Recombination and resistive losses at ZnO/a-Si: H/c-Si interfaces in heterojunction back contacts for Si solar cells

We investigate resistive losses at p-type crystalline Si/hydrogen passivated Si:H/ZnO:Al heterojunction back contacts for high efficiency silicon solar cells. A low tunneling resistance for the (p-type) Si:H/(n-type) ZnO part of the junction requires deposition of Si:H with a high hydrogen dilution rate R-H>40 resulting in a highly doped microcrystalline (mu c) Si:H layer.
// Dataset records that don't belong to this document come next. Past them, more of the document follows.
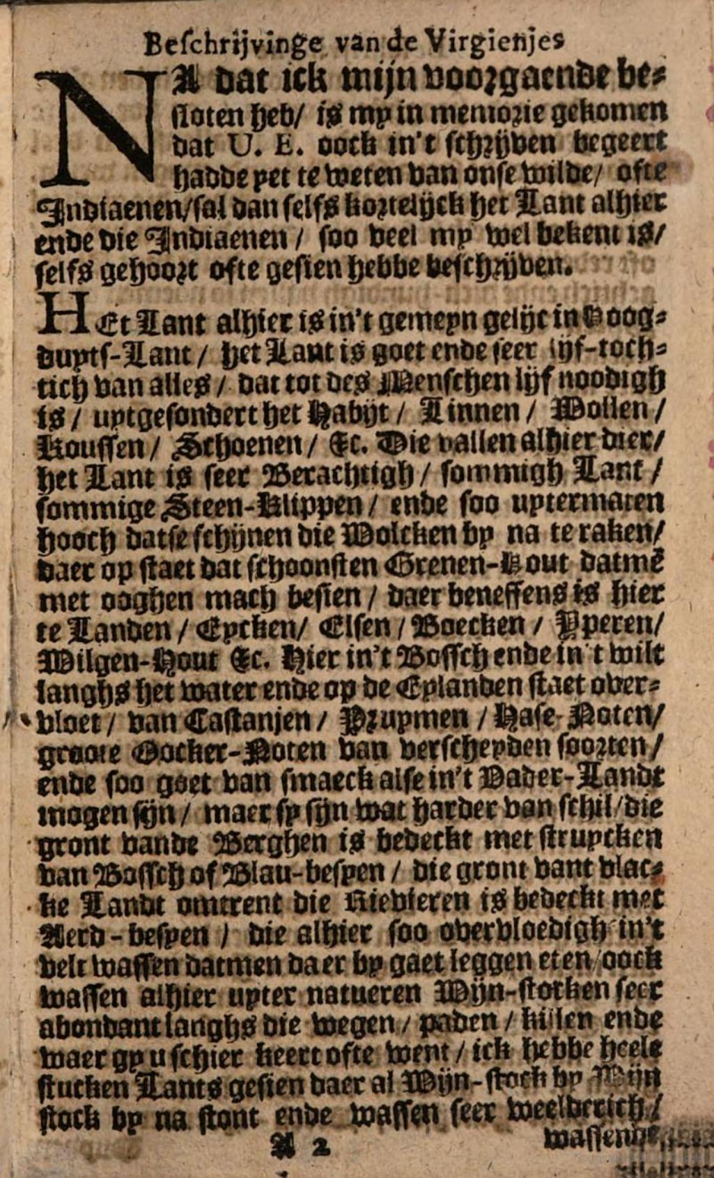 Nadat ik mijn voorgaende besloten heb ik mij in memorie gekomen dat U.E/. oock in't schrijven begeert hadde per te weten van onse wilde ofte Indiaenen sal van selfs kondighg het Lant alhier ende Indiaenen/so veel my wel bekent is selfs gehoort ofte gesien hebbe beschrijven.”
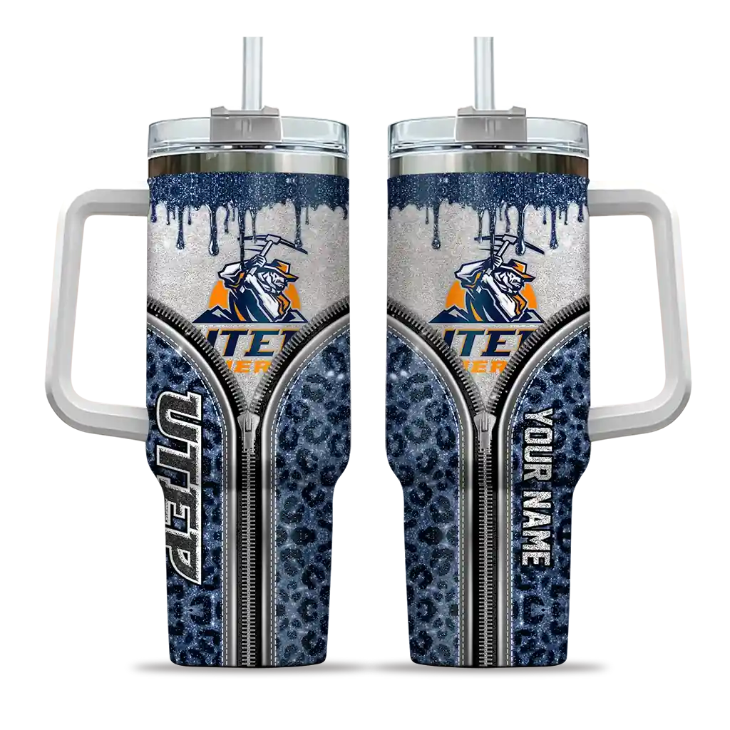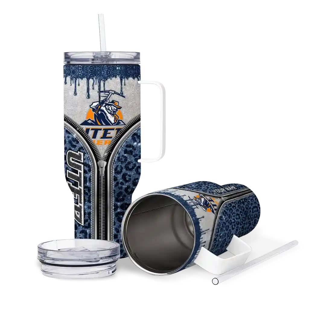 UTEP Miners Tumber – Personalized Leopard Zipper Curved Blue
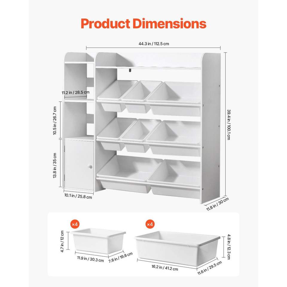 4-Tier 8-Bin Modern Kids Toy Storage Organizer Flexible White Plastic Cubby Cabinet Nursery Study Room Bedroom Living Room
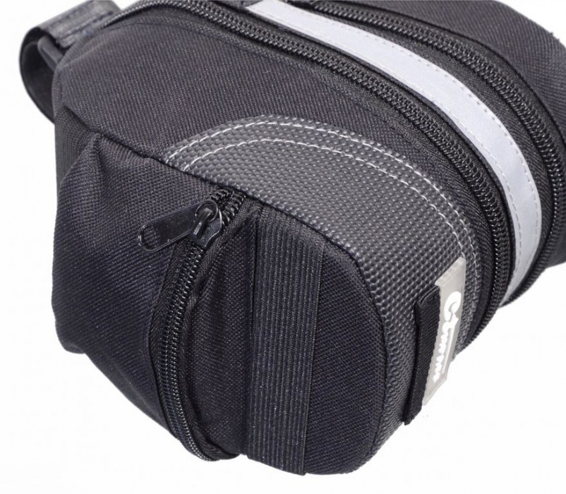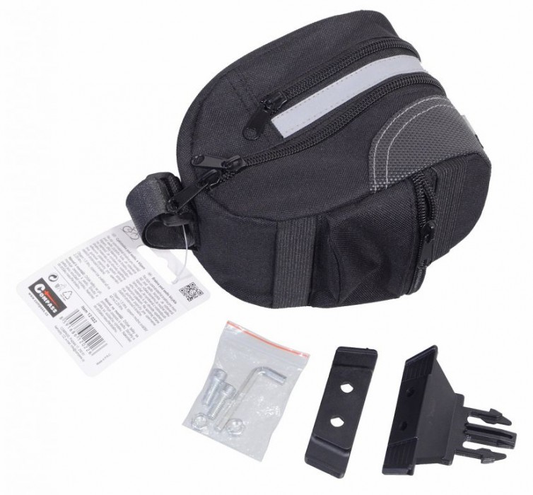 Je vyrobena z vodoodpudivého materiálu a po obvodu opatřena reflexním páskem. Na spodní straně dva gumové popruhy pro upevnění dalších drobností k brašně. Návod k montáži: Držák tašky se přimontuje zespoda k sedlu. Šrouby a patka jsou součástí výrobku. Nakonec se do držáku nasune brašna.
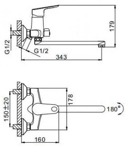 - Длина излива: 34.3 см.
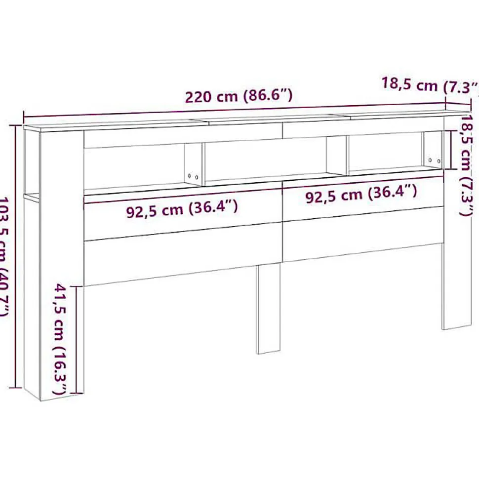 Cette tête de lit à LED classique, au design élégant, donne à votre cadre de lit une touche de modernité étonnante et convient parfaitement à toute chambre à coucher. Matériau durable : le bois d’ingénierie est d’une qualité exceptionnelle avec une surface lisse et présente également résistance, stabilité et résistance à l’humidité.Lumières LED RVB : la tête de lit est équipée de lumières LED RVB vibrantes. Avec divers menus personnalisables, vous pouvez changer sans effort la couleur des lumières et même les régler automatiquement. Ces lumières LED renforcent non seulement l’aspect contemporain de la tête de lit, mais ajoutent également à son attrait tendance.Excellent soutien : la tête de lit vous offre un excellent soutien dorsal lorsque vous vous asseyez dans votre lit pour lire ou regarder la télévision.Dessus stable : le dessus de la tête de lit avec rangement est parfait pour exposer vos objets décoratifs, cadres photos et réveils. Bon à savoir :La livraison comprend uniquement la tête de lit à LED. Le cadre de lit et le matelas ne sont pas inclus. Vous pouvez consulter notre boutique pour les cadres et matelas assortis.Ce produit est doté d’un connecteur USB qui nécessite une source d’alimentation USB de 5V certifiée (non incluse). Attention :Pour éviter qu’il ne bascule, ce produit doit être utilisé avec le dispositif de fixation murale fourni.Couleur : vieux boisMatériau : bois d’ingénierieDimensions : 220 x 18,5 x 103,5 cm (l x P x H)Assemblage requis : ouiLegal Documents:Vous trouverez ici plus de détails sur la façon d’empêcher vos meubles de basculer
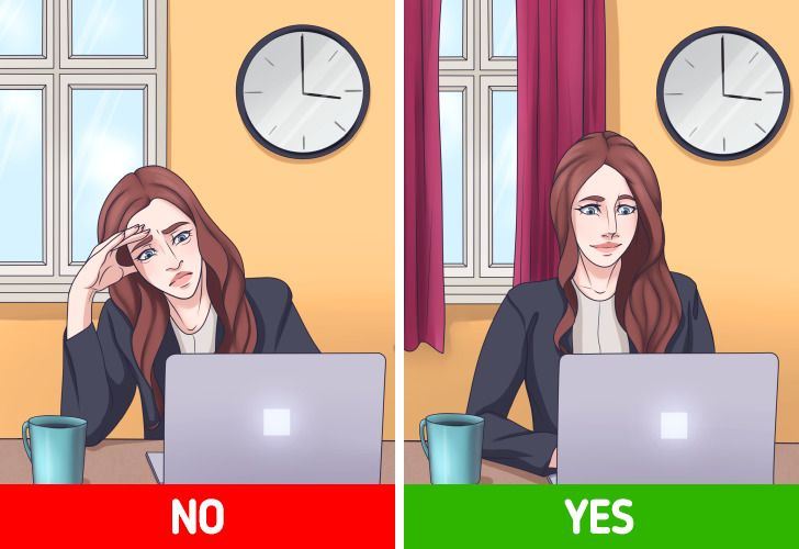 1. هنگام استفاده از لپ تاپ جلوی تابش شدید و مستقیم نور را بگیرید.برای اینکار می توانید پرده اتاق را کشیده و یا نور چراغ ها را کم کنید.
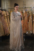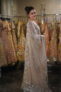 | Dupatta | Sheer taupe net dupatta with a matching embroidered border and scattered sequins |
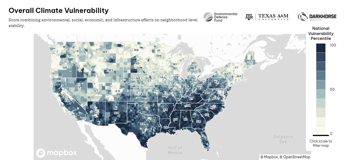 That’s where the Climate Vulnerability Index may be able to help. The tool is designed not only to show where the risks lie, but to help steer new investment in solutions. The Biden administration’s Inflation Reduction Act has made available “a historic level of funding” to build toward climate justice and equity,

Such a mu c-Si:H layer if deposited directly on a Si wafer yields a surface recombination velocity of S approximate to 180 cm/s. Using the same layer as part of a (p-type) c-Si/Si:H/ZnO:Al back contact in a solar cell results in an open circuit voltage V-OC=640 mV and a fill factor FF=80%. Insertion of an undoped amorphous (i) a-Si:H layer between the mu c-Si:H and the wafer leads to a further decrease of S and, for the solar cells, to an increase of V-OC. However, if the thickness of this intrinsic layer exceeds a threshold value of 4-5 nm, resistive losses degrade the fill factor FF of the solar cells. Temperature dependent measurements of the contact resistance unveil activation energies in a range of 0.49-0.65 eV, which we attribute to the valence band offset between a-Si:H and c-Si. The balance of FF losses and V-OC gains determines the optimum (i) a-Si:H interlayer thickness for (i) a-Si:H/(p) mu c-Si:H double layer or (i) a-Si:H/(p) a-Si:H/(p) mu c-Si:H triple layer back contacts.(C) 2007 American Institute of Physics.